Tim Ireland points to a history of the scene which describes his involvement. It wasn’t raves he organised, but rather a political campaigning group which opposed the then Tory government’s crackdown, or at least claimed to. I say “claimed to” because it strikes me as unlikely that someone on David Hart‘s staff would have flipped across the spectrum quite that far and so quickly.
In terms of policing history, there’s no time at all between the Miners’ Strike and the rave/road protest crackdown. Some would say they overlapped, if you date from the Beanfield. And he does seem to have known his way around Queen Anne’s Gate rather well:
I remember being at something at the Home Office, I ended up in this blazing row [with a Home Office official]. He said ‘look, I know who you are, we know all about you’, became I had a Special Branch record from being in politics, working in extreme groups.

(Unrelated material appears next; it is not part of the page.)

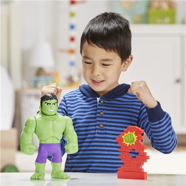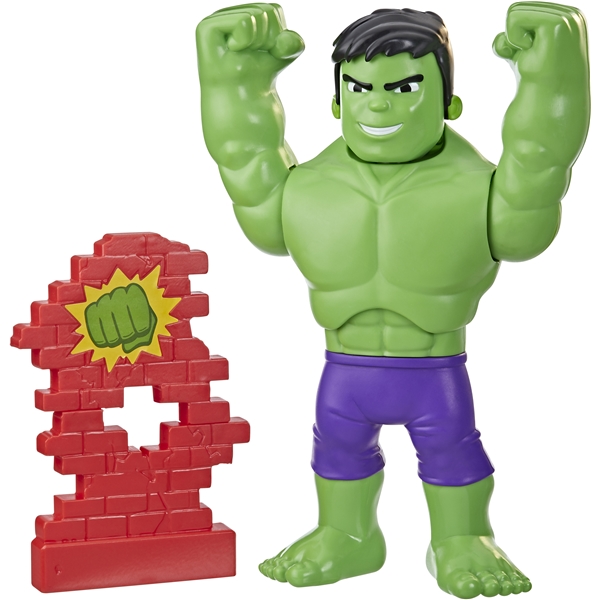Denne 25 cm høye actionfiguren for barn er klar for alle Super Hero-eventyr. Når barnet trykker ned på Hulkens hode, snur hodet for å endre uttrykket hans fra glad til kraftig, slik at barn kan forestille seg at han lader for handling! Trykk ned på Hulk-figurens hode for å heve og senke armene for å knuse det medfølgende todelte veggtilbehøret.

One wonders what he was doing at the Home Office. One also wonders what he was doing not long before than in Johannesburg. Nice friends you’ve got there, as they say.

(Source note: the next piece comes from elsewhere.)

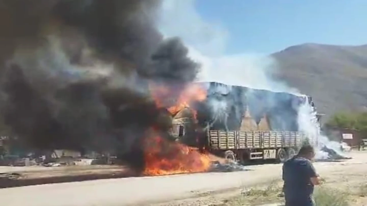 Kahramanmaraş’ta kamyonun kasasındaki samanlar elektrik tellerine takılarak yandı.

reading your remarks on Home Office Intelligence and Security, further your refference to “being known ” by the Special Branch as an extremist, I find it hard to understand you and those like you as I am sure you would be amongst the first to cry shame if you were not protected and allowed topersue that which you call freedom but don’t want to subscribe to its very considerable cost, but you seek to slate those who are able and at no small cost to them selves do ensure you have a less than ideal but liveable world to exist in.
Why do I find the remarks of you and those like you offensive in the extreme? Before “retirement” I was one of those unknown guardians of your right to life, and all the riches freedom allows. I did it freely and with my own conviction!! My reward? I was am Officer and a Gentleman, who however couldn’t even take my own wife or even mother into my confidence as to what I did for my country and fellows. To receive decorations amongst the highest this country, and others have to offer but only be able to look at them myself and remember that which I thought to be for the betterment of my Oh so ungrateful fellows.
That said ,at least I do have the memories of time past and deeds done, and i hope things made better. —- What do you and yours have left over—-anything?I doubt it, but what ever you think you achieve why oh why knock those who do it for you selflessly, think before you condem!!!
A somewhat Mad Major (ex SAS ex Home Office ex SIS)!